A fast parallel implementation of RNN Transducer (Graves 2013 joint network), on both CPU and GPU.
GPU implementation is now available for Graves2012 add network.
Benchmarked on a GeForce GTX 1080 Ti GPU.
T=150, L=40, A=28 | warp-transducer |
---|---|
N=1 | 8.51 ms |
N=16 | 11.43 ms |
N=32 | 12.65 ms |
N=64 | 14.75 ms |
N=128 | 19.48 ms |
T=150, L=20, A=5000 | warp-transducer |
---|---|
N=1 | 4.79 ms |
N=16 | 24.44 ms |
N=32 | 41.38 ms |
N=64 | 80.44 ms |
N=128 | 51.46 ms |
The interface is in include/rnnt.h
. It supports CPU or GPU execution, and you can specify OpenMP parallelism
if running on the CPU, or the CUDA stream if running on the GPU. We took care to ensure that the library does not
preform memory allocation internally, in oder to avoid synchronizations and overheads caused by memory allocation.

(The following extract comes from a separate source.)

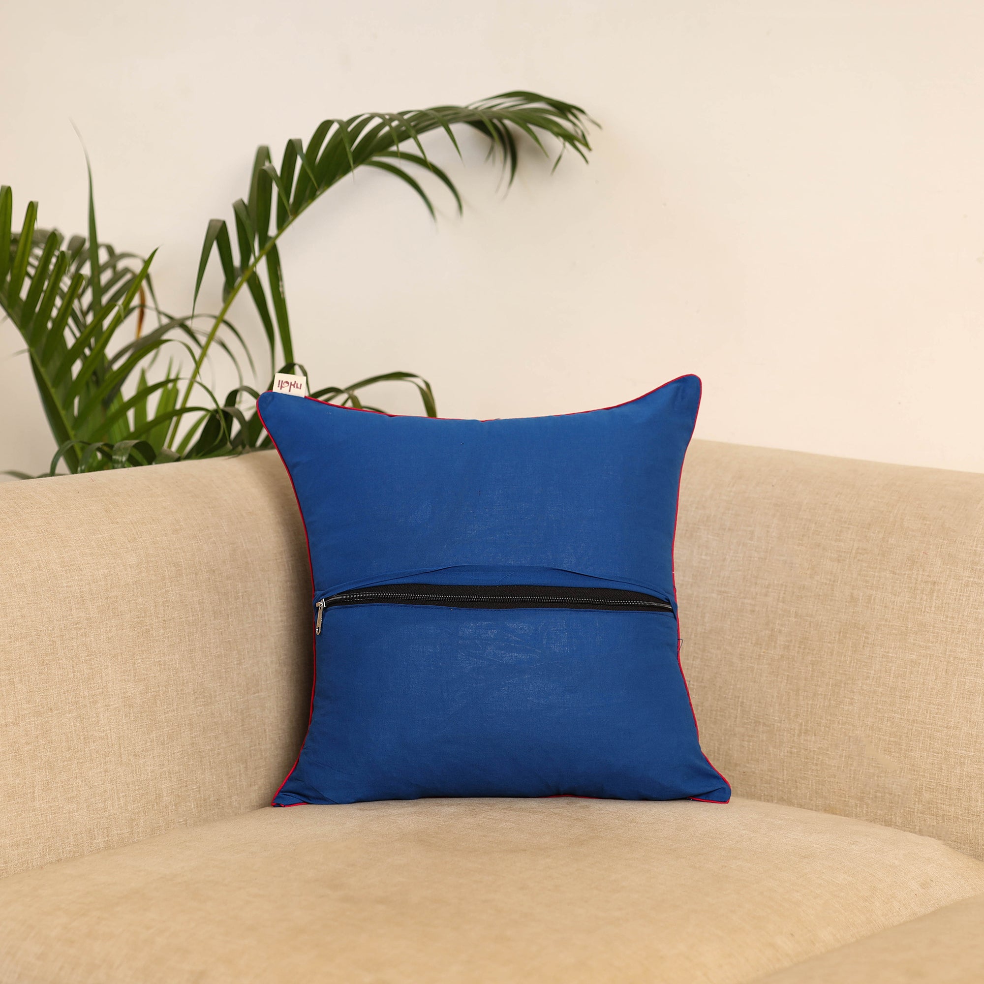 Blue pochampally ikat weave cushion cover, crafted from cotton and traditional Indian handmade textiles. It blends artistry with comfort, making it perfect for your sofa, bed or lounge area.
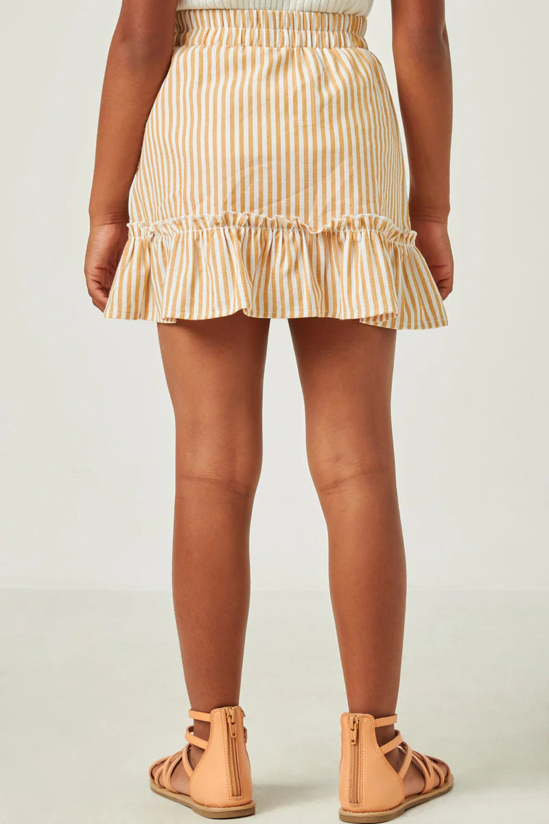 Add a playful touch to her outfit with the Mustard Stripe Ruffle Skirt. Made from soft, lightweight woven fabric, this skirt features a charming striped pattern and an asymmetric ruffle hem that moves beautifully. The stretchy elastic waistband ensures a comfortable fit, making it perfect for twirling through sunny days or dressing up for special occasions.

Please be carefull if you use the RNNTLoss CPU version, log_softmax should be manually called before the loss function.
(For pytorch binding, this is optionally handled by tensor device.)
warp-transducer has been tested on Ubuntu 16.04 and CentOS 7. Windows is not supported at this time.
First get the code:
git clone https://github.com/HawkAaron/warp-transducer
cd warp-transducer
create a build directory:
mkdir build
cd build
if you have a non standard CUDA install, add -DCUDA_TOOLKIT_ROOT_DIR=/path/to/cuda
option to cmake
so that CMake detects CUDA.
Run cmake and build:
cmake -DCUDA_TOOLKIT_ROOT_DIR=$CUDA_HOME ..
make
if it logs
-- cuda found TRUE
-- Building shared library with no GPU support
please run rm CMakeCache.txt
and cmake again.
The C library should now be built along with test executables. If CUDA was detected, then test_gpu
will be built;
test_cpu
will always be built.
To run the tests, make sure the CUDA libraries are in LD_LIBRARY_PATH
(DYLD_LIBRARY_PATH for OSX).
We welcome improvements from the community, please feel free to submit pull requests.